Die Weinernte im Wallis wurde beeinträchtigt aber auch andere Erträge (Foto Weintrauben: Remo Maßat / Schlagwort AG)

Die Weinernte im Wallis wurde beeinträchtigt aber auch andere Erträge (Foto Weintrauben: Remo Maßat / Schlagwort AG)

Schadensausmaß

Der finanzielle Gesamtverlust für das Wallis liegt bei ungefähr 50 Millionen Franken auf Ebene der Traubenproduzenten und bei 20 Millionen Franken für den Obstbau (Bruttowert der Früchte).

Mehr als 40 Prozent des Walliser Rebbergs wurde in Mitleidenschaft gezogen. 70 Prozent der Verluste betreffen die Reben im Talgrund. 2017 wurden 30 Prozent weniger Trauben geerntet als im Durchschnitt der letzten zehn Jahre. Es war die geringste Ernte seit 1966.

Der durchschnittliche Verlust im Obstbau beläuft sich auf 35 Prozent, wovon 30 Prozent beim Kernobst und 45 Prozent bei den Aprikosen verzeichnet wurden. An den Seitenhängen beläuft sich der Schaden auf mehr als 70 Prozent.

Bilanz der Schadensmeldungen

Bei der Dienststelle für Landwirtschaft wurden 500 Schadensmeldungen eingereicht. 100 Gesuche wurden vom Schweizerischen Fonds für Hilfe bei nicht versicherbaren Elementarschäden basierend auf den auf nationaler Ebene definierten nachfolgenden Hauptkriterien angenommen: mindestens 50 Prozent Ernteausfall für den Gesamtbetrieb, eine Mindestfläche von einer Hektare sowie die Pflicht, direktzahlungsberechtigt zu sein.

Um den Walliser Besonderheiten gerecht zu werden, senkte der Kanton die Kriterien für den Hilfeanspruch auf 30 Prozent Ernteverlust. 159 Bewirtschafter können somit durch den kantonalen Fonds der Loterie Romande entschädigt werden.
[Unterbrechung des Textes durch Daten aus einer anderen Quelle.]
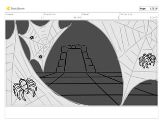 The document appears to be a storyboard or script for a multimedia project. It consists of multiple scenes with panels and dialogue. In the first scene, the characters Val and James explore some Incan temples that Val finds filthy. Later, their torchlight reveals they have accidentally started a fire due to spiderwebs being flammable. They try to escape the fire and swarms of spiders through the ancient ruins.

Bilanz der ersten kurzfristigen Massnahmen

Die im Frühling 2017 eingerichteten kurzfristigen Massnahmen (Hilfskredit für Betriebe, Übertrag der Jahresraten für Investitionskredite, CCF-Bürgschaften, Investitionskredite für Pflanzenkapital) betrafen ca. 50 Landwirtschaftsbetriebe in Höhe von rund 5 Millionen Franken. Zudem tragen ausserordentliche Rückstellungen, die von den Steuern abgezogen werden können, zum Ausgleich der Frostschäden bei.

Strukturelle und längerfristige Maßnahmen

Die obigen Maßnahmen wurden durch längerfristige strukturelle Maßnahmen ergänzt. Per Entscheid vom 15. September 2017 verabschiedete der Große Rat einen Rahmenkredit von 35.2 Millionen Franken zugunsten von Frostbekämpfungsmaßnahmen für den Zeitraum von 2018 bis 2023.

Mehr als zwanzig Einzel- und Gemeinschaftsprojekte werden derzeit bei der Dienststelle für Landwirtschaft geprüft. Das Investitionsbudget beträgt an die 8 Millionen Franken und die Bundes- und Kantonsbeiträge 4 Millionen Franken.

Um sich besser zu wappnen und Frostschäden zu mindern, sieht der Kanton in enger Zusammenarbeit mit der Walliser Landwirtschaftskammer und den landwirtschaftlichen Branchenverbänden längerfristige Maßnahmen wie eine bessere Verbreitung von Frostwarnsystemen (Intranscope) oder die Förderung des Abschlusses einer Frostversicherung vor.